(Task brief):
For this listing, reproduce the line with "在随后的交流环节中,双方围绕", the line with "CADISEN Watch Men", and the lines between, exactly as they stand. Leave out pictures and all other lines.

(Records for this exercise):
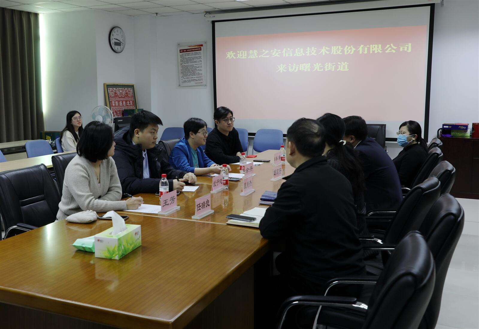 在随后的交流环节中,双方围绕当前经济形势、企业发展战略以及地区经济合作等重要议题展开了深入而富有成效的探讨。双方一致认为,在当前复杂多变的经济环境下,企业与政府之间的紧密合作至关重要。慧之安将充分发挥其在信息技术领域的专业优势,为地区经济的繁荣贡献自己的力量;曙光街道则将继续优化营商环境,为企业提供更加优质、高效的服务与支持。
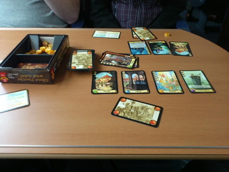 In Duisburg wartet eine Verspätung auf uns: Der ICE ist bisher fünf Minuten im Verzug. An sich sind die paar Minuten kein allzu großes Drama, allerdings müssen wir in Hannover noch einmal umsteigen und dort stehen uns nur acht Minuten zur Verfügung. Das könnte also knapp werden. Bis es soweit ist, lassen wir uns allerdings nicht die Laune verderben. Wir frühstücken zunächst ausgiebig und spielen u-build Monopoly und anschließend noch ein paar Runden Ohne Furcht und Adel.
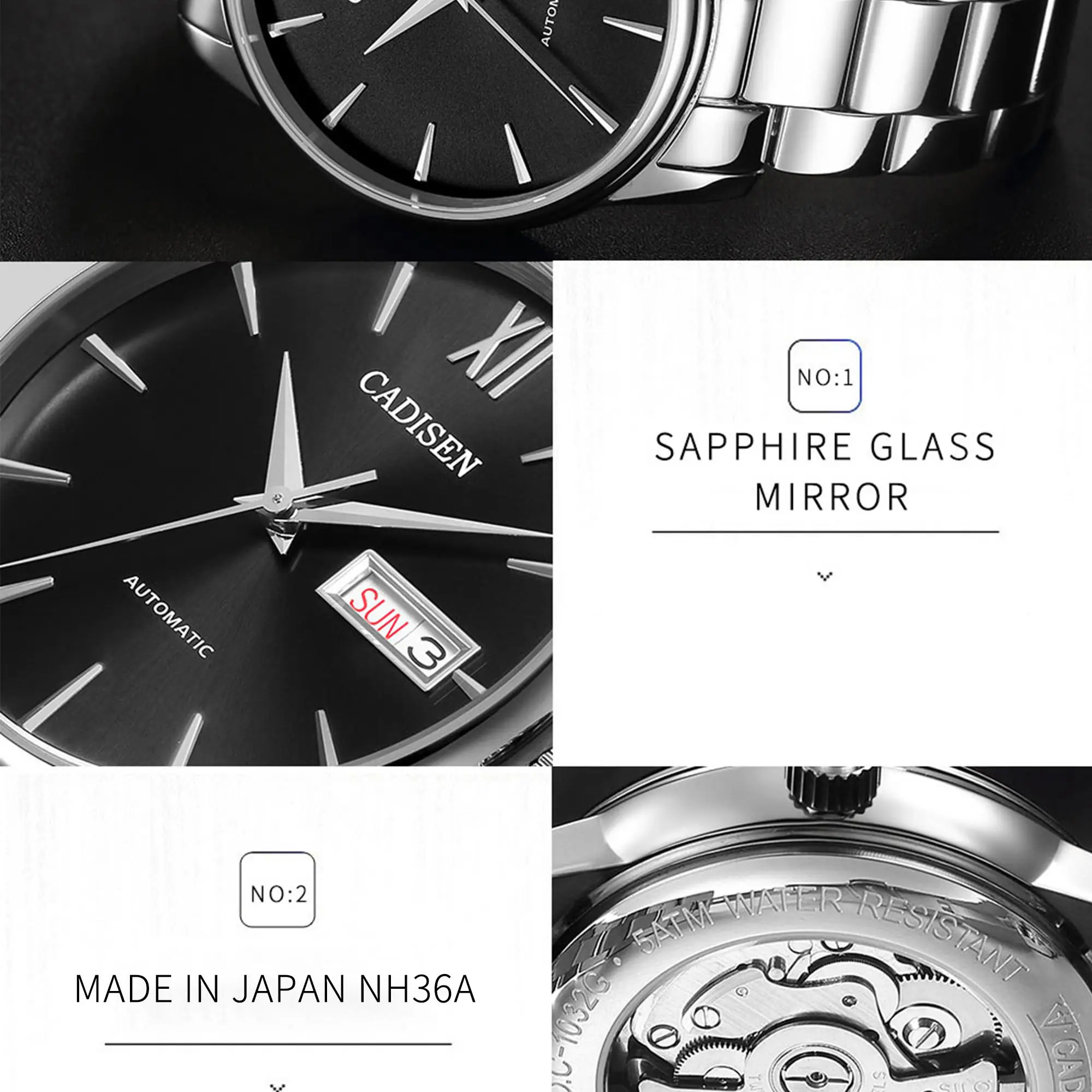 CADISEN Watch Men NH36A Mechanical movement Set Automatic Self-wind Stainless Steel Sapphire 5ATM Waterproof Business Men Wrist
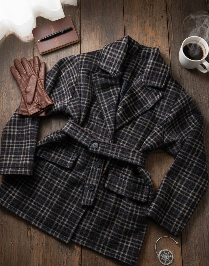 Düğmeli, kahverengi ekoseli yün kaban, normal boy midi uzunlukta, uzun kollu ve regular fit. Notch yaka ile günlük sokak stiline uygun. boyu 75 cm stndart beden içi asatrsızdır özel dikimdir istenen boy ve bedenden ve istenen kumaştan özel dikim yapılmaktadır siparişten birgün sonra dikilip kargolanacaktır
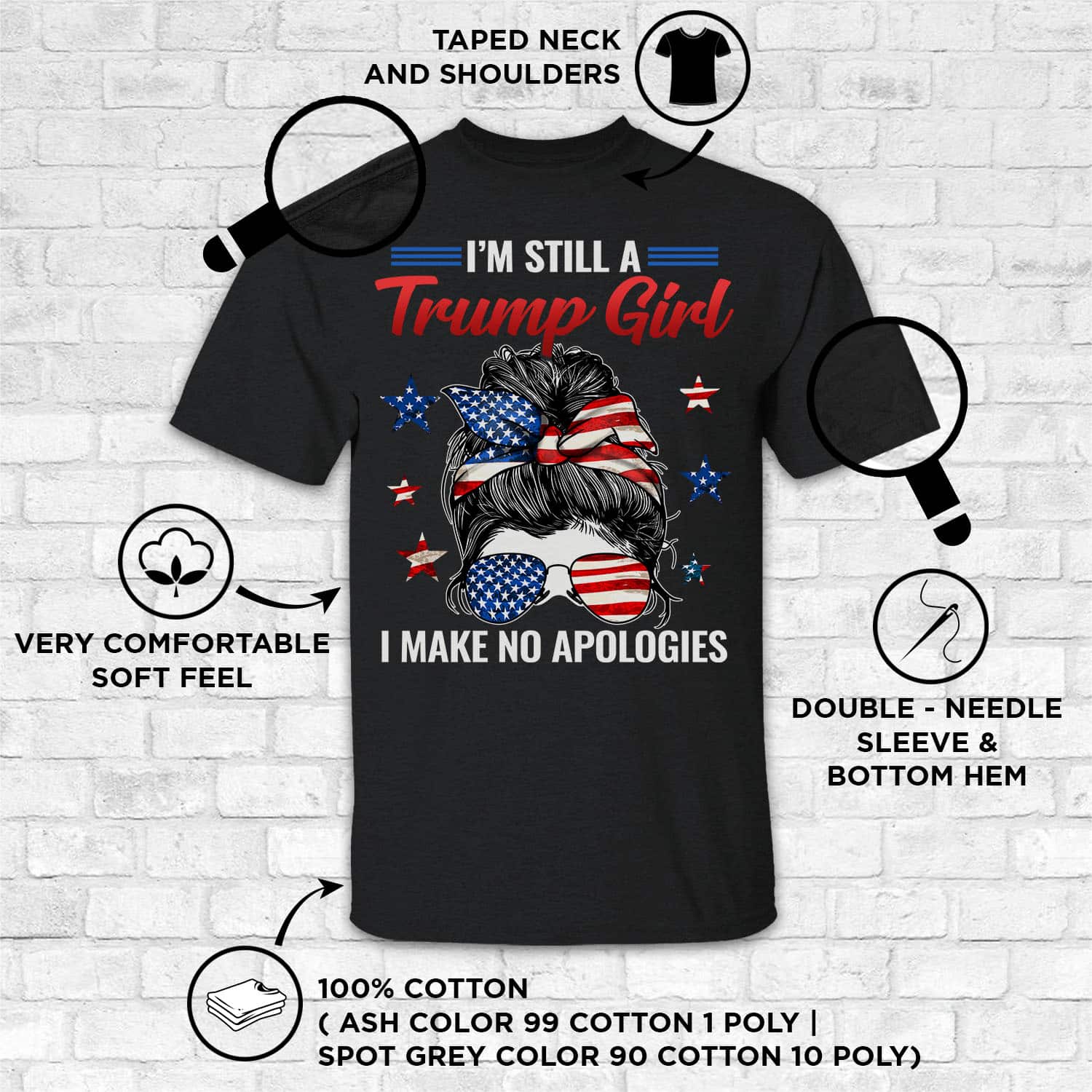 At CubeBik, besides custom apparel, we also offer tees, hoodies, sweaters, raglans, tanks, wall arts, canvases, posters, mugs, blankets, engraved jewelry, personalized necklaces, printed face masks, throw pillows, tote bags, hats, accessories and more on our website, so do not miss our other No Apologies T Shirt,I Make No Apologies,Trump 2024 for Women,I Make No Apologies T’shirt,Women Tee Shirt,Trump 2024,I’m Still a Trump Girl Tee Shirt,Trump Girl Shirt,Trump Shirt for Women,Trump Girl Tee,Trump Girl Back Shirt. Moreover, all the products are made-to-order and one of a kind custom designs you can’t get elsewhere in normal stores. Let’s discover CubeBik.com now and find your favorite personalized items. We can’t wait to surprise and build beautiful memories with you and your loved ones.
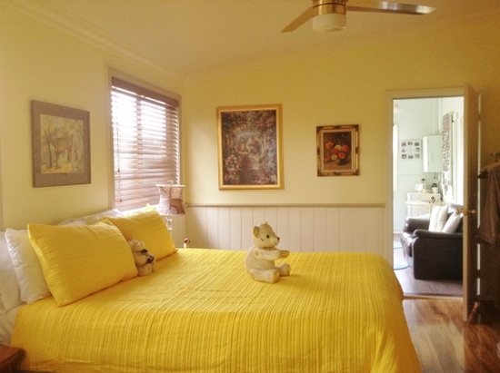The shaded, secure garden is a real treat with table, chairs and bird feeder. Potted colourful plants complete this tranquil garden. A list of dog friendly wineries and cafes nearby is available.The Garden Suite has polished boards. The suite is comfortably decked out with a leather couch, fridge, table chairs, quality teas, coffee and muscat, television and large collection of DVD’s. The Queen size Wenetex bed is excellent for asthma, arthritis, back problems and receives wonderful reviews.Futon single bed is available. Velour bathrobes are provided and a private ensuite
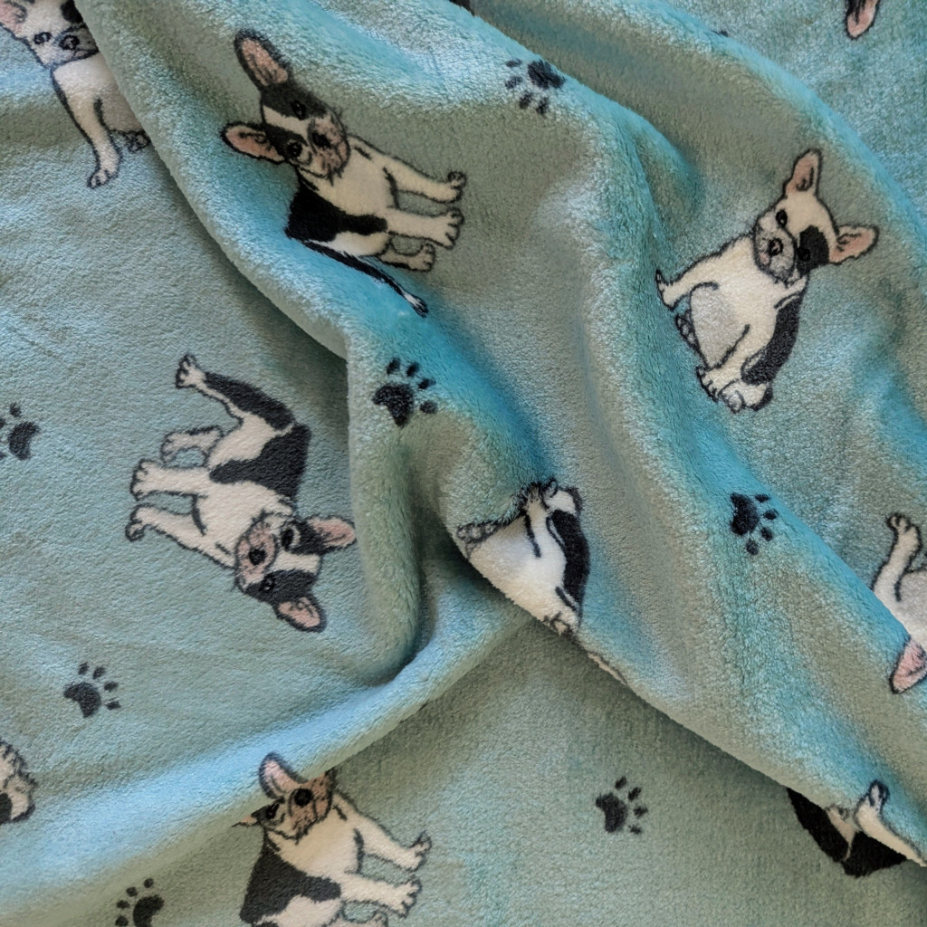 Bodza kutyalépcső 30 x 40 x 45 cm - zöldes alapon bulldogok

---

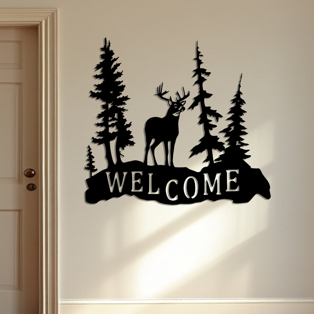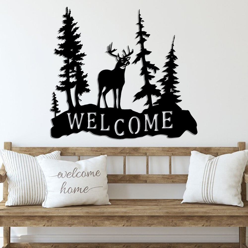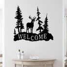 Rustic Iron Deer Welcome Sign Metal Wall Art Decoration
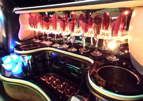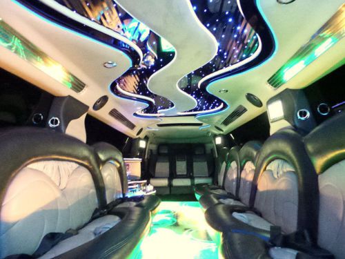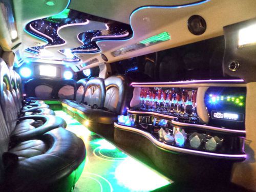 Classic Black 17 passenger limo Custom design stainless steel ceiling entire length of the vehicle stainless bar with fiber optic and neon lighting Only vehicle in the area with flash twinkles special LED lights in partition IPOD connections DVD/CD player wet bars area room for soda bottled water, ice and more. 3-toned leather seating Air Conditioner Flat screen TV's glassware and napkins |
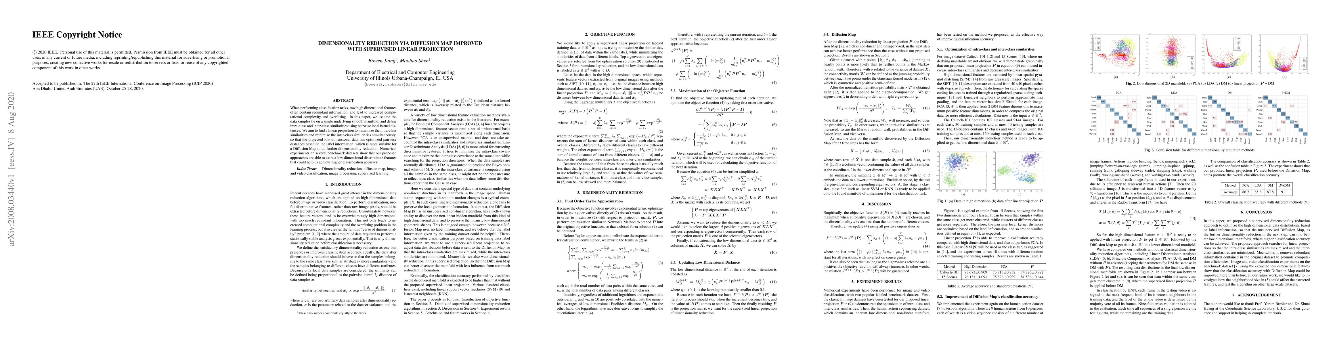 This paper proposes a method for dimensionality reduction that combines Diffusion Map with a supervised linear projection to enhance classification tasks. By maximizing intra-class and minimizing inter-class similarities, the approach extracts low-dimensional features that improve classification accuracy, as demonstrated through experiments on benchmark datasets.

---

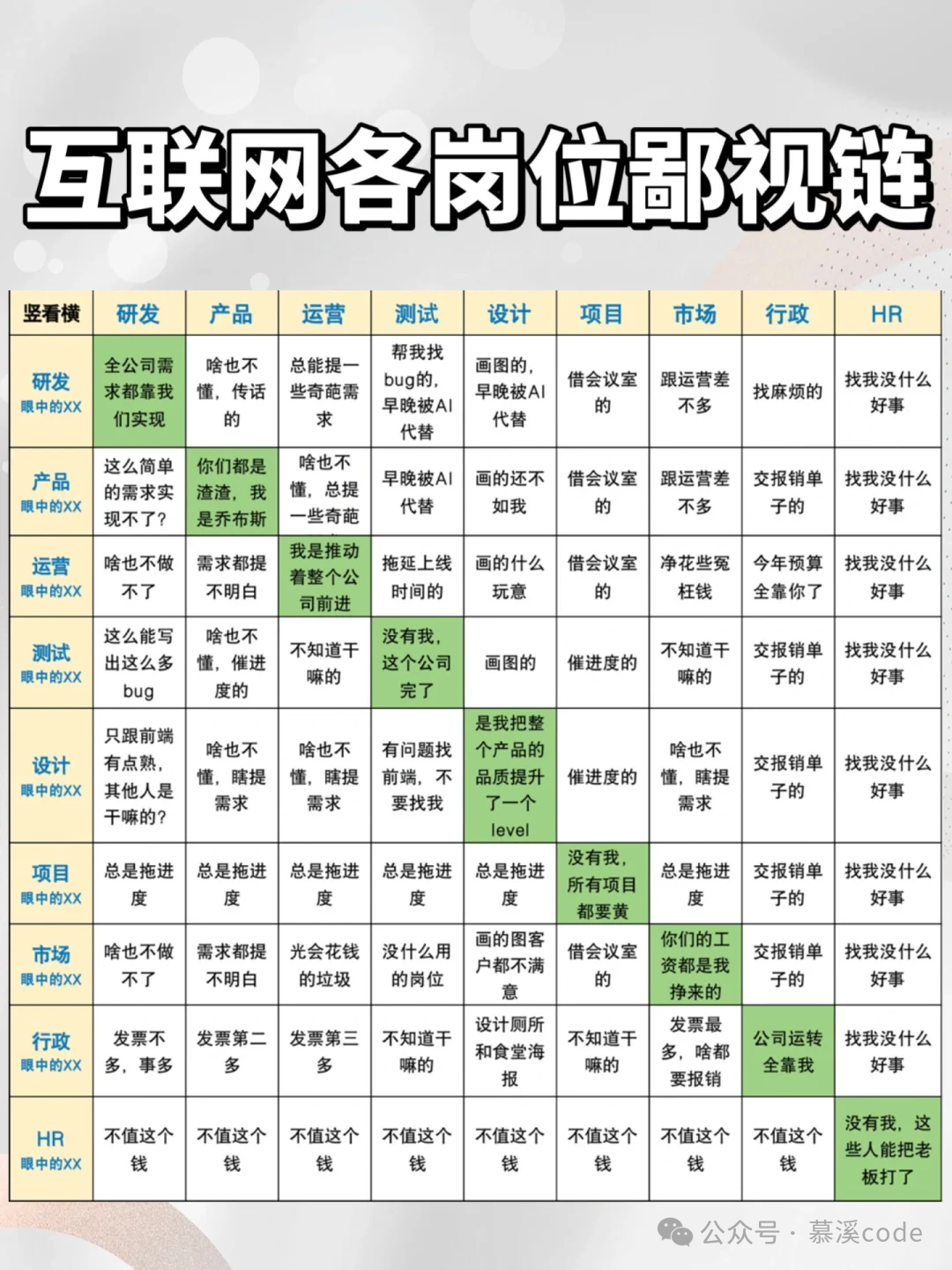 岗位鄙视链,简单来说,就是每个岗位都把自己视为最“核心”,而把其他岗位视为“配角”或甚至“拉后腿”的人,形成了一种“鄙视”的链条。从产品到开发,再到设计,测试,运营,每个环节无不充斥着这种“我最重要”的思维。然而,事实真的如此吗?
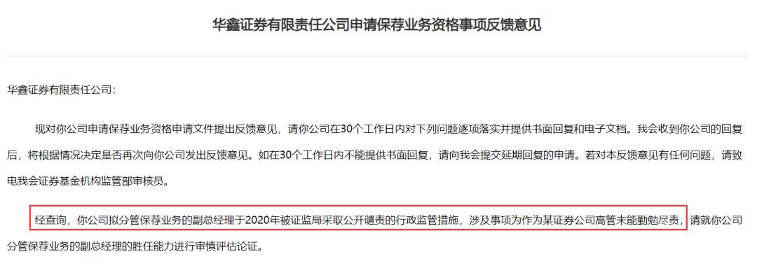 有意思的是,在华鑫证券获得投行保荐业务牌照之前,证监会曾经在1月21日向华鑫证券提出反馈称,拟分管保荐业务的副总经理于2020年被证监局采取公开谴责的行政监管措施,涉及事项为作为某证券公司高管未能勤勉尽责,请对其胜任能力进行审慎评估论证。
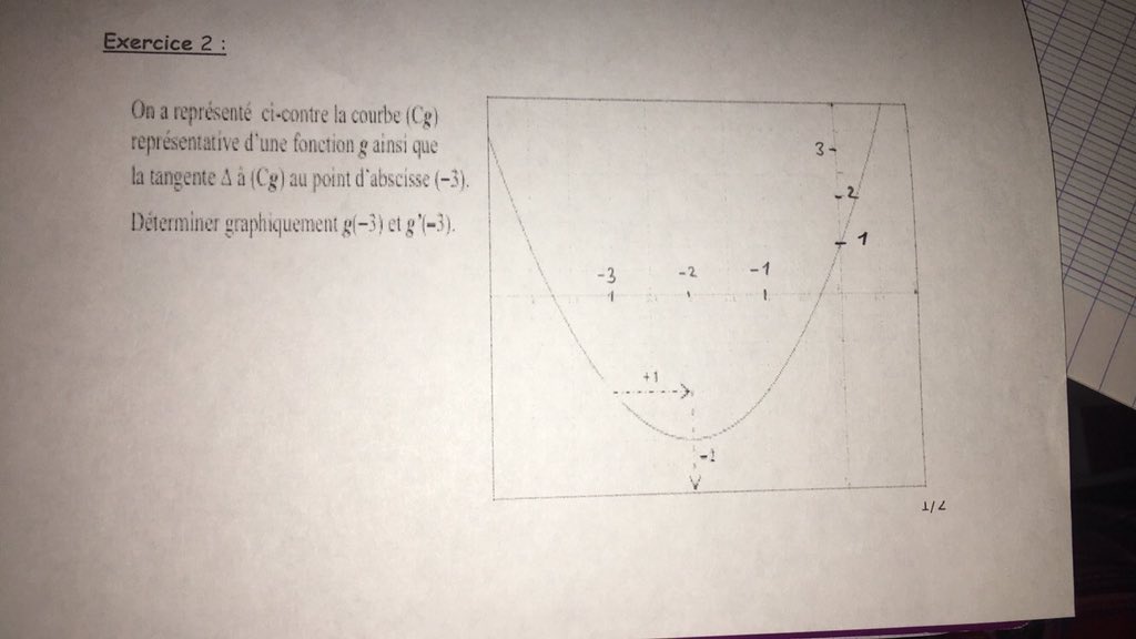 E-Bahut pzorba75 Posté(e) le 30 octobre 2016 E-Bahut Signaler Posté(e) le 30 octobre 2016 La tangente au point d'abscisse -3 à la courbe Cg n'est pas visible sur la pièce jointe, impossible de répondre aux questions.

(Exercise result):
 在随后的交流环节中,双方围绕当前经济形势、企业发展战略以及地区经济合作等重要议题展开了深入而富有成效的探讨。双方一致认为,在当前复杂多变的经济环境下,企业与政府之间的紧密合作至关重要。慧之安将充分发挥其在信息技术领域的专业优势,为地区经济的繁荣贡献自己的力量;曙光街道则将继续优化营商环境,为企业提供更加优质、高效的服务与支持。
 In Duisburg wartet eine Verspätung auf uns: Der ICE ist bisher fünf Minuten im Verzug. An sich sind die paar Minuten kein allzu großes Drama, allerdings müssen wir in Hannover noch einmal umsteigen und dort stehen uns nur acht Minuten zur Verfügung. Das könnte also knapp werden. Bis es soweit ist, lassen wir uns allerdings nicht die Laune verderben. Wir frühstücken zunächst ausgiebig und spielen u-build Monopoly und anschließend noch ein paar Runden Ohne Furcht und Adel.
 CADISEN Watch Men NH36A Mechanical movement Set Automatic Self-wind Stainless Steel Sapphire 5ATM Waterproof Business Men Wrist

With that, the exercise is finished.